Not victims of the cowardice of the licensed medical providers – their doctors – whose signatures were required for every opioid pill released from a pharmacy? Whose training would have provided them with every reason to know better

Not victims of a $ multi-billion-dollar treatment industry that has never effectively treated “addiction“?

Not victims of popularizers of sham medical model lies that compulsive substance use and pain are medical conditions, absurd, never-supported lies that “addiction” is a disease of the brain

Not victims of the persistent lies of constructed “experts” not remotely capable of forming cogent thoughts about compulsive substance use and its treatment? 

Not victims of the dispensers and shills for gold standard medical cures established as causing harm, of fueling their high-risk use? 

Not victims of American courts and judges along with the cultural pathology that supports their use of judicial coercion – established as in violation of the constitutional right to be free of religious coercion – to force exposure of drug-related offenders to the bizarre, established-as-countertherapeutic (with 90 to 95% failure rates) practices and prescriptions of a religious subculture

Not victims of a “treatment” industry that is rife with depredation and sham “treatment” practices, and is staffed by legacy and cronyism hires not remotely trained or capable of providing effective treatment for behavioral health conditions, let alone the complex set of psychological, developmental, and psychosocial forces driving life-threatening compulsive substance use? 

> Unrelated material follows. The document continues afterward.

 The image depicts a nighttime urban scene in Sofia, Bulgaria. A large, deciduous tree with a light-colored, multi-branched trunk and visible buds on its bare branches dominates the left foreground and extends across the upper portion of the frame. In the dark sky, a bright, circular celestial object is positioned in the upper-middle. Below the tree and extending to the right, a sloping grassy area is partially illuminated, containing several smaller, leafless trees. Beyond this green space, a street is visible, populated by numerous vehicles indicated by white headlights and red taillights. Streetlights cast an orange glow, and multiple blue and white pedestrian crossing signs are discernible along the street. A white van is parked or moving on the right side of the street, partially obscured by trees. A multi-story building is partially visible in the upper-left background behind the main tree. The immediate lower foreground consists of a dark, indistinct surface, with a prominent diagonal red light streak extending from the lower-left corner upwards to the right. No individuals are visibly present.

Old crisis, new crisis. The perpetrators can count on protection, at any cost. 

Why A Critical Discourse?

Because an uncontrolled epidemic of desperate and deadly use of pain-numbing opioid drugs is just the most visible of America’s lethal crises of drug misuse, suicide, depression, of obesity and sickness, of social illness. Because the matrix of health experts and institutions constructed and identified by mass media as trusted authorities – publicly funded and entrusted to protect public health – instead collude to fabricate false assurances like those that created an opioid crisis, while promising medical cures that never come and can never come, while epidemics worsen. Because the “journalists” responsible for protecting public well-being have failed to fight for truth, traded that duty away for their careers, their abdication and cowardice rewarded daily in corporate news offices, attempts to expose that failure and their fabrications punished.

Open, critical examination, exposure, and deconstruction of their lethal matrix of fabrications is a matter of survival, is cure for mass illness and crisis, demands of us a critical discourse.

Crisis is a necessary condition for a questioning of doxa, but is not in itself a sufficient condition for the production of a critical discourse.